This post documents the complete prediction system behind onthepitch's 2026 World Cup forecasts. It's intended as a permanent reference — one page with every model component, every parameter value, and every backtest metric.
Architecture overview
The system has three layers:
- Component models: three independent models that each produce a home/draw/away probability for any international fixture.
- Ensemble: combines the three components into a single probability, applies extremization and calibration.
- Bracket simulator: feeds the ensemble probabilities into a 50,000-iteration Monte Carlo simulation of the full 48-team tournament structure.
Component model 1 — Elo
The simplest model. Each team carries an Elo rating from eloratings.net, updated after every international match.
Match prediction formula:
- Rating gap:
d = elo_home − elo_away + home_advantage - Expected score:
E_home = 1 / (1 + 10^(−d/400)) - Draw probability: fixed at 22% (international football empirical baseline)
- Home/away probabilities:
E_homeand1 − E_homescaled to fill the remaining 78%
Key parameters:
| Parameter | Value | Source |
|---|---|---|
| Draw probability | 0.22 | International football base rate |
| Home advantage bonus | 100 Elo points | eloratings.net standard |
| Fallback Elo | 1500 | Teams missing from the CSV |
The Elo model is deliberately simple. It has no team-specific attack/defence split, no time decay beyond what eloratings.net applies internally, and no match-importance weighting. It serves as the ensemble's anchor — the component least likely to overfit.
Component model 2 — Dixon-Coles with time decay
A bivariate Poisson model following Dixon & Coles (1997), extended with exponential time decay.
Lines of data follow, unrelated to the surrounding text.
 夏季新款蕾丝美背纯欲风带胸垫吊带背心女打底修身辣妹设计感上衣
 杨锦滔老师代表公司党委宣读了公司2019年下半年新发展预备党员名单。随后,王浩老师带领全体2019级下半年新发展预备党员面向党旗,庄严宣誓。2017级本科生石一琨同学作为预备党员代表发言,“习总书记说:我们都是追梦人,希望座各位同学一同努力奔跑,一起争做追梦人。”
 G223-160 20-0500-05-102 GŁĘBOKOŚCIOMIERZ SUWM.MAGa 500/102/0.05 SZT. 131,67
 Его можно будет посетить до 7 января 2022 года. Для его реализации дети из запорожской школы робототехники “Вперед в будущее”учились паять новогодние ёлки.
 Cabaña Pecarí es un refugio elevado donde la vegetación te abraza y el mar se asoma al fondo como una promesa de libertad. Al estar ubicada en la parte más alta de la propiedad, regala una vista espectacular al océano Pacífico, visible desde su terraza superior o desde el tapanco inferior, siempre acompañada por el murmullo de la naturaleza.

Each team has an attack strength (α) and a defence strength (β). The expected goals for a fixture are:
λ_home = exp(home_advantage + α_home − β_away)λ_away = exp(α_away − β_home)
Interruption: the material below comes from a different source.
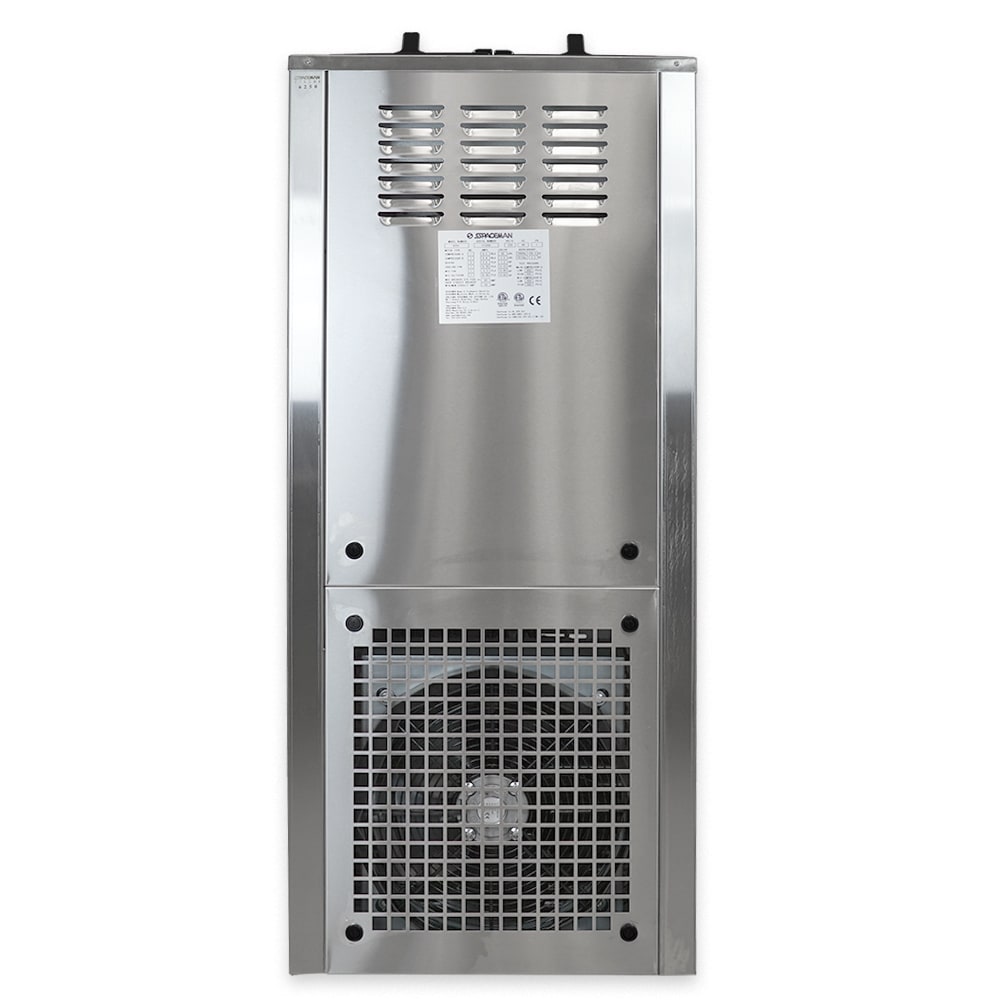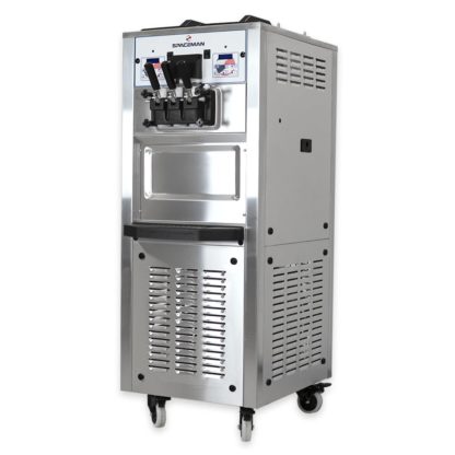 The 6250A-C is a premium twin twist (two flavor) floor standing, pressurized (air pump) soft serve machine. Capable of producing a variety of soft serve products including ice cream, frozen yogurt, custards, and sorbets. Easy to use dual digital user interface and control system maintains excellent product consistency, hopper temperature, and high-performance parameters. Hopper refrigeration and sleep/standby feature keep product fresh and is approved for dairy or non-dairy products. The Spaceman air pump system allows you to choose between six overrun settings, giving you the ability to add even more air to the product, yielding higher profits, creamier, fluffier, and lighter product. Add an air pump anytime you wish to dip cones, swirl extra high, or get that light Instagram famous look! Hopper agitators stir product throughout the day, saving operator time and ensuring consistent dairy safe cooling in the hopper. Patented freezing technology on the 1.8qt cylinders means a super-fast recovery time, capable of producing over 350 small 4oz servings per hour. Spaceman soft serve freezers have patented technology to prepare and freeze product faster and more efficiently than any competitor. Spaceman’s revolutionary V2 beater and PAR (product to air ratio) system reduces wearable parts by over 25% while improving product quality and overrun control. The V2 beater and blade system scrape the cylinder walls to ensure less ice buildup – creating smoother, creamier product. The 6250-C comes equipped with four heavy duty rotating and locking caster wheels and an eight foot cord and plug.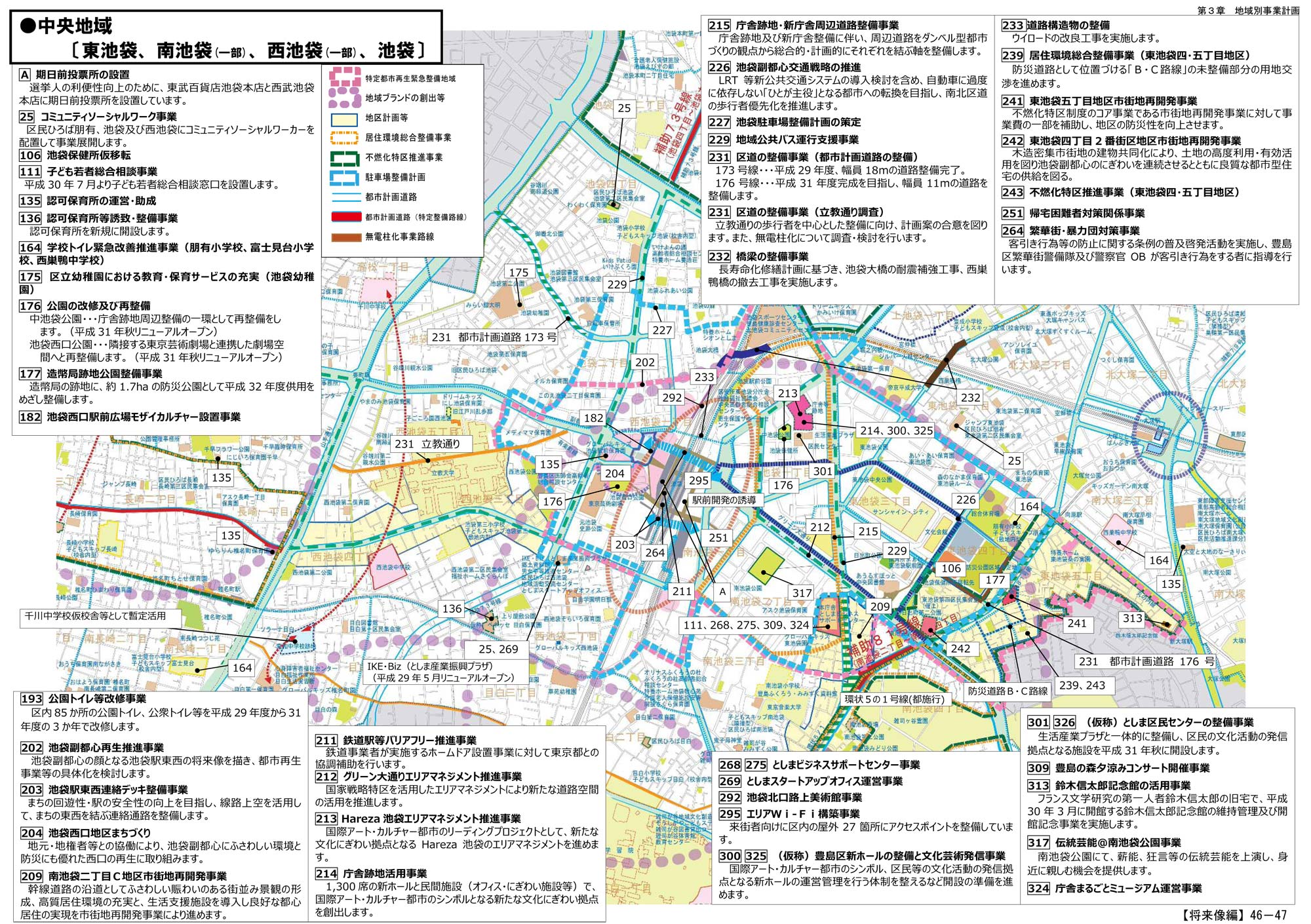 池袋の東西に広がる周辺地図には、東側に目立つ大型再開発をはじめ、西側では「立教通り」の歩行者環境の整備や無電柱化といった事業も掲載。また、東西両側に「公園の改修及び再整備」「公園トイレ等改修事業」なども行われ、ハード面以外では「帰宅困難者対策関係事業」「繁華街・暴力団対策事業」といった内容も行われる計画です。

Goals are Poisson-distributed. The Dixon-Coles correction (ρ) adjusts the joint probability of low-scoring outcomes (0–0, 0–1, 1–0, 1–1) to account for the empirical dependence between home and away goals.
Key parameters:
| Parameter | Value | Notes |
|---|---|---|
| Half-life | 1,825 days (5 years) | Longer than club football (~18 months) because international matches are ~5× sparser per team |
| Training window | 10 years | Matches older than this are excluded |
| Min matches per team | 20 | Teams with fewer matches are dropped from the fit |
| Max goals cap | 10 | Poisson PMF truncated here |
| K-factor weighting | Yes | Tournament and qualifier matches weighted higher than friendlies |
Fit procedure: Maximum likelihood estimation via L-BFGS-B with a sum-to-zero identifiability constraint on attack parameters. Training corpus: ~9,200 international results (within the 10-year window). The fit runs on data strictly before the prediction date — no look-ahead.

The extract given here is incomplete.